# Man Joke



## PR (Mar 28, 2005)

*The Why's of Men *

1. WHY DO MEN BECOME SMARTER DURING SEX?
(because they are plugged into a genius)

2. WHY DON'T WOMEN BLINK DURING SEX?
(they don't have enough time)

3. WHY DOES IT TAKE 1 MILLION SPERM TO FERTILIZE ONE EGG?
(they don't stop to ask directions)

4. WHY DO MEN SNORE WHEN THEY LIE ON THEIR BACKS?
(because their balls fall over their butt-hole and they vapor lock)
(You're laughing, aren't you?!?!)

5. WHY WERE MEN GIVEN LARGER BRAINS THAN DOGS?
(so they won't hump women's legs at cocktails parties)

6. WHY DID GOD MAKE MEN BEFORE WOMEN?
(you need a rough draft before you make a final copy)

7. HOW MANY MEN DOES IT TAKE TO PUT A TOILET SEAT DOWN?
(don't know.....it never happened)

( C'mon guys, we laugh at your blonde jokes!)

And my personal favorite:
8 WHY DID GOD PUT MEN ON EARTH?
(because a vibrator can't mow the lawn)

Remember, if you haven't got a smile on your face and
laughter in your heart......Then you are just an old sour fart.


----------



## The Silver Surfer (May 14, 2002)

You've obviously been meeting the wrong type of men. :wink:


----------



## Hev (Feb 26, 2005)

Hev x :lol:


----------



## missTTopless (Jun 26, 2005)

Good one Pam....my sides are splitting :lol: :lol:


----------



## Irish Sancho (Mar 13, 2006)

PR said:


> *The Why's of Men *
> 
> 1. WHY DO MEN BECOME SMARTER DURING SEX?
> (because they are plugged into a genius)
> ...


1. Because we don't actually need to use our brains to get you into bed.

2. Because its only after sex that they have to wipe the residue away. :wink:

3. It actually only takes one. 8)

4. We don't actually snore at all, thats just a gift that god gave us to stop womwn from talking to us after sex. 

5. Because it would be no fun if we were only as smart as women. 

6. Because he didn't want to make us with the leftover bits. :wink:

7. Its a womans job! 

8. To make vibrators for women. :lol:


----------



## Terri_TT (Nov 18, 2004)

The Silver Surfer said:


> You've obviously been meeting the wrong type of men. :wink:


You mean there's a right type of man? 

Tell him to send me a PM please, I've been waiting for him all my life


----------



## The Silver Surfer (May 14, 2002)

Terri_TT said:


> The Silver Surfer said:
> 
> 
> > You've obviously been meeting the wrong type of men. :wink:
> ...


Well, you don't need to wait any longer.
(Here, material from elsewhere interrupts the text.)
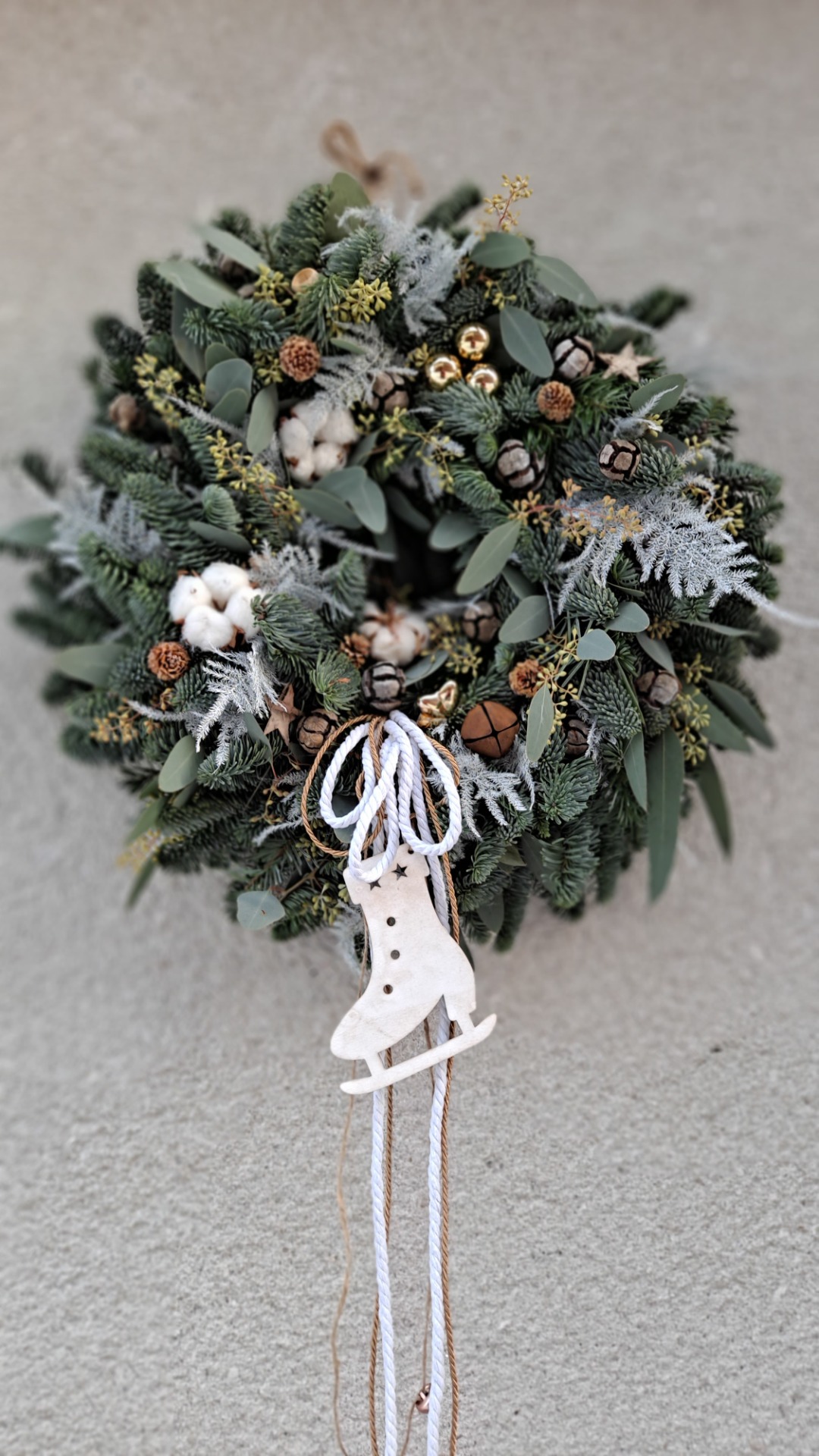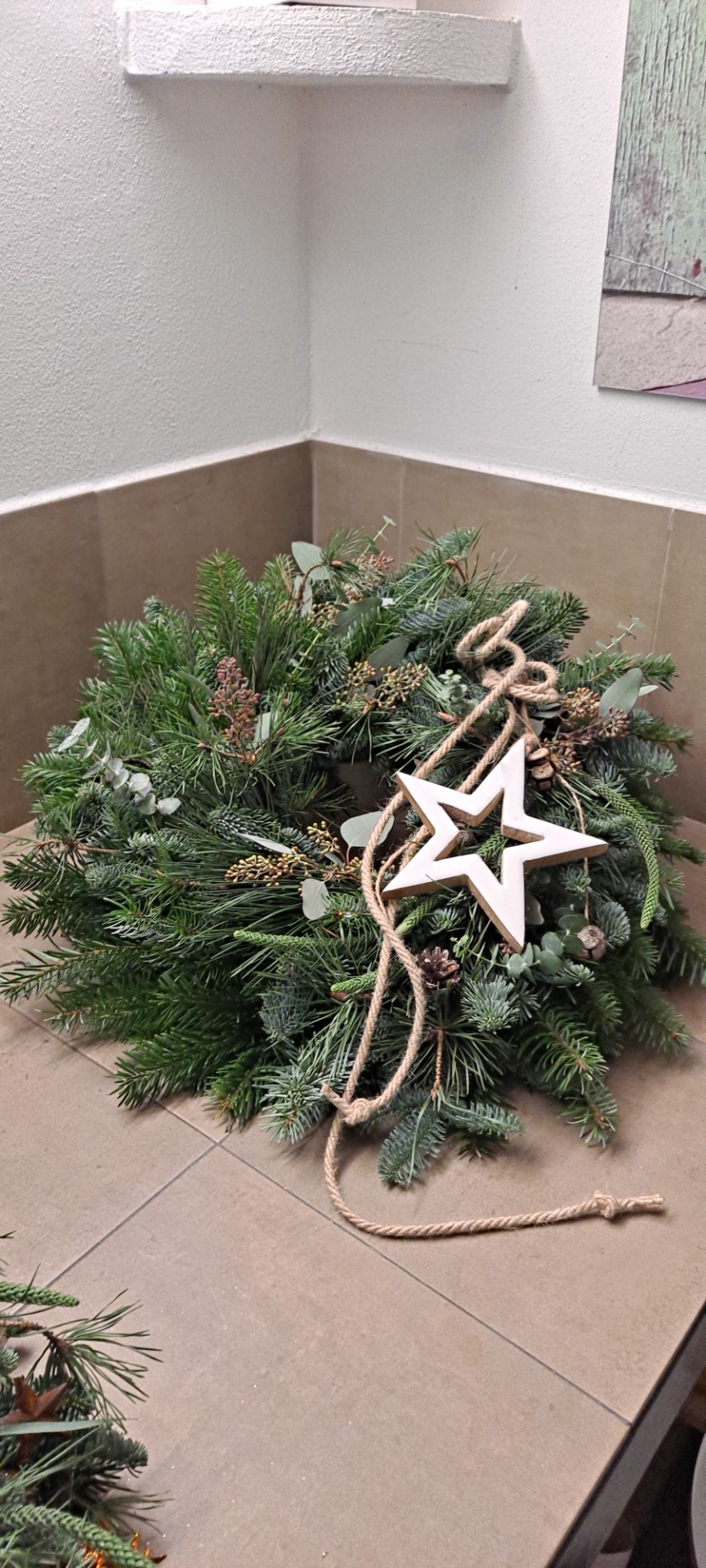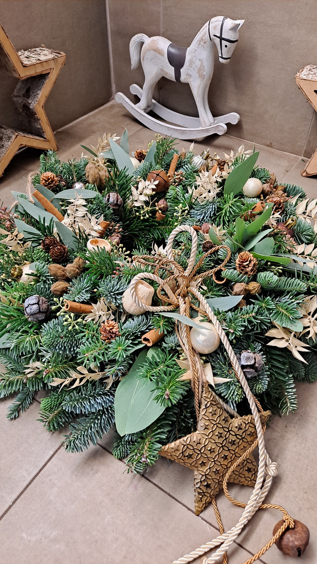 Dokonalý věnec na Vaše dveře, jemné přírodní ozdoby, zlatá hvězda
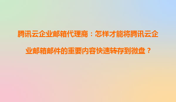 2025-10-24腾讯云企业邮箱代理商指南:如何高效转存邮件重要内容至微盘 一、腾讯云企业邮箱的核心优势 作为腾讯云企业邮箱代理商,首先需了解其核心功能与技术优势,才能更好地为客户提供解决方案。 ...

PM sent.  :wink: [smiley=smoking.gif]


----------



## Terri_TT (Nov 18, 2004)

The Silver Surfer said:


> Terri_TT said:
> 
> 
> > The Silver Surfer said:
> ...


Why, thank you young man :-* I'll go check my inbox wink:


----------



## PR (Mar 28, 2005)

Irish Sancho said:


> 1. Because we don't actually need to use our brains to get you into bed.
> 
> 2. Because its only after sex that they have to wipe the residue away. :wink:
> 
> ...


I won't rise to the bait :twisted:


----------



## Irish Sancho (Mar 13, 2006)

PR said:


> Irish Sancho said:
> 
> 
> > 1. Because we don't actually need to use our brains to get you into bed.
> ...


----------



## J55TTC (Apr 25, 2005)

:lol: :lol: :lol:


----------